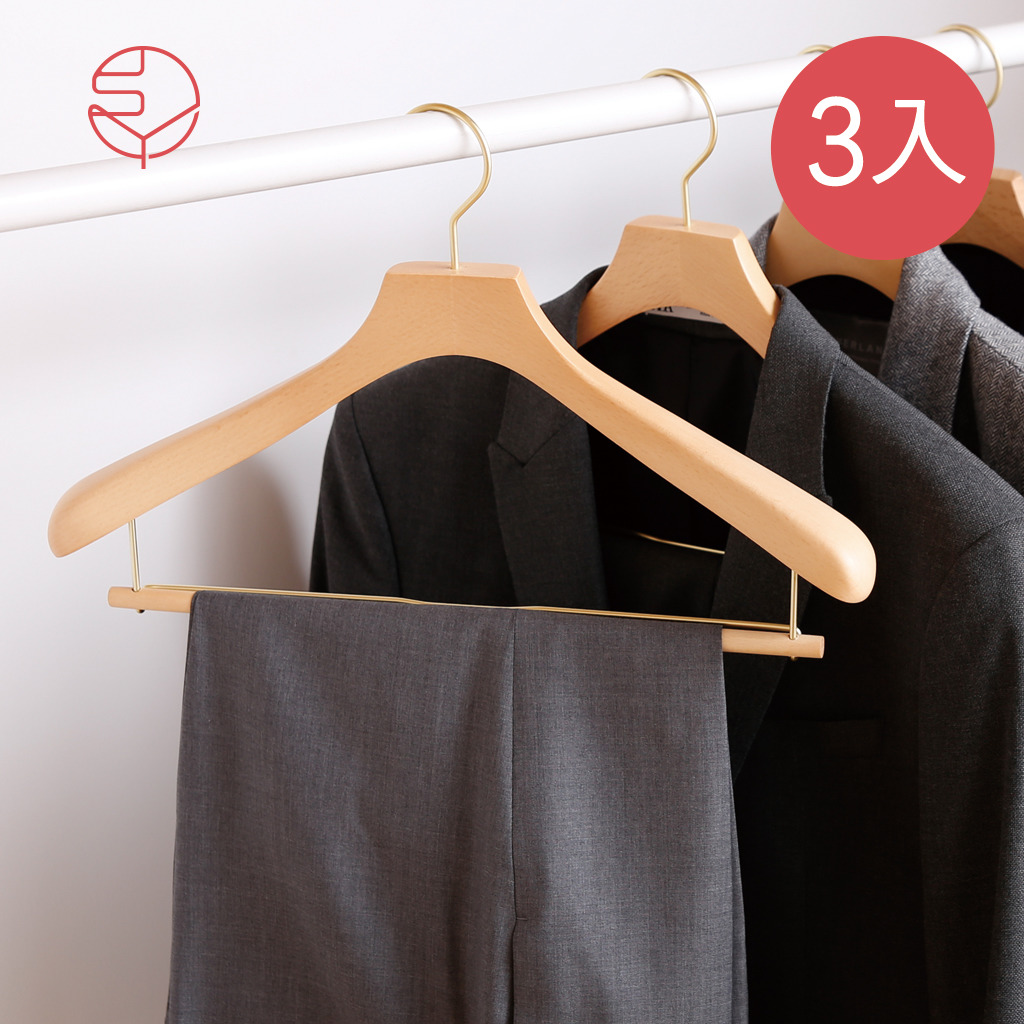 - 內 容 物:日本霜山 SHIMOYAMA 天然木製兩用褲掛衣架 (男用西裝款) 3入
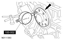 - Move the crankshaft to the front of the cylinder block. Note and record the crankshaft end play.
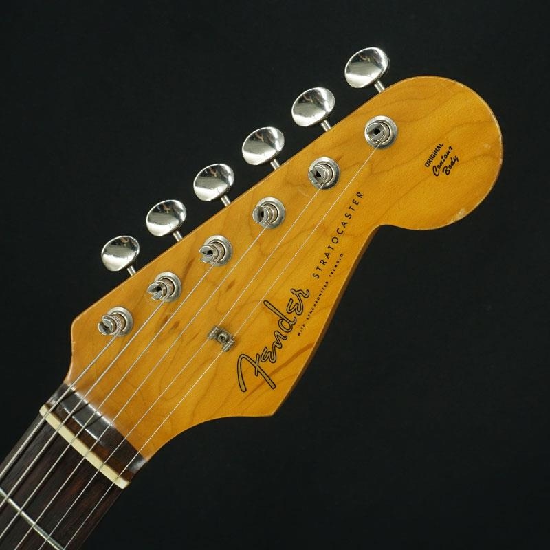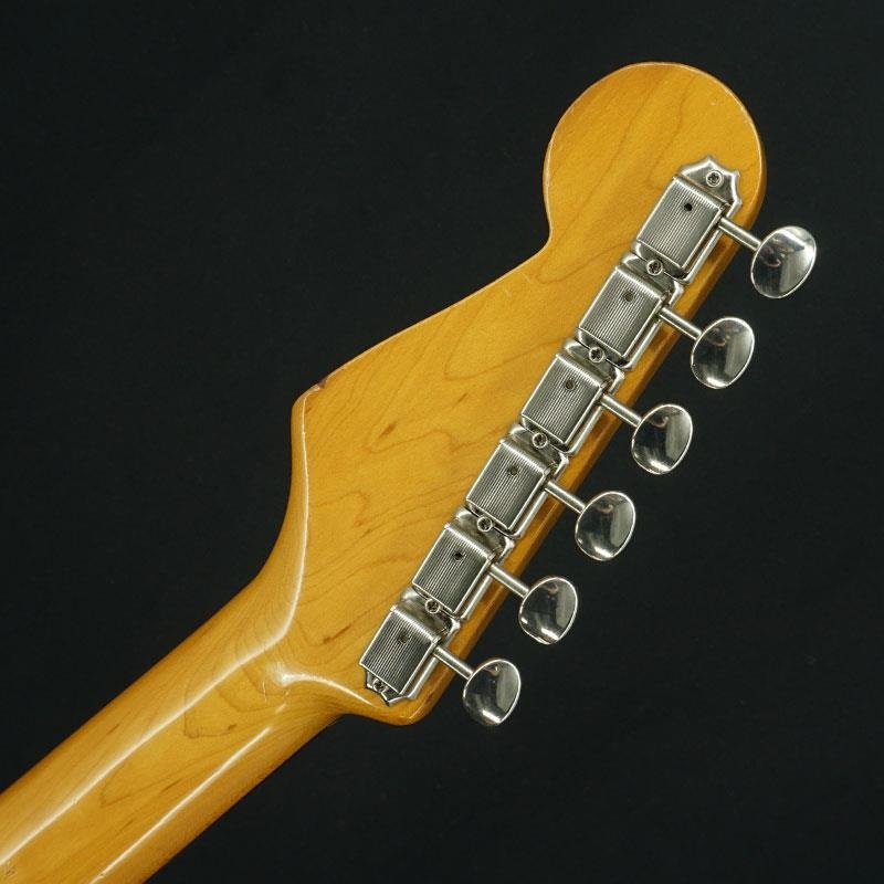 当個体状態といたしましては、ポットが国産のものに、コンデンサーがオレンジドロップに交換、ブリッジもFenderではあると思われるもののゴールドのパーツに交換されており、ボディ全体に経年相応のスレキズ、弾きキズ、色やけ、塗装欠け、うち傷に著しいハードウェアのくすみさびが御座いますかなりのプレイヤーズコンディションとなっております。しかしフレットは6割から7割程度の高さを残し、ネックコンディションやトラスロッド、電装系含め演奏面で問題はございません!まだまだ末永くお付き合いいただける1本としてお迎えいただけます。成熟したジャパンヴィンテージの実力!この機会に是非ご体感ください!
*-*-*
> [TASK BRIEF]
The reply should consist of the listing restated word for word, with its pictures removed.

> [RESULT FOR THIS TASK]
 - 內 容 物:日本霜山 SHIMOYAMA 天然木製兩用褲掛衣架 (男用西裝款) 3入
 - Move the crankshaft to the front of the cylinder block. Note and record the crankshaft end play.
 当個体状態といたしましては、ポットが国産のものに、コンデンサーがオレンジドロップに交換、ブリッジもFenderではあると思われるもののゴールドのパーツに交換されており、ボディ全体に経年相応のスレキズ、弾きキズ、色やけ、塗装欠け、うち傷に著しいハードウェアのくすみさびが御座いますかなりのプレイヤーズコンディションとなっております。しかしフレットは6割から7割程度の高さを残し、ネックコンディションやトラスロッド、電装系含め演奏面で問題はございません!まだまだ末永くお付き合いいただける1本としてお迎えいただけます。成熟したジャパンヴィンテージの実力!この機会に是非ご体感ください!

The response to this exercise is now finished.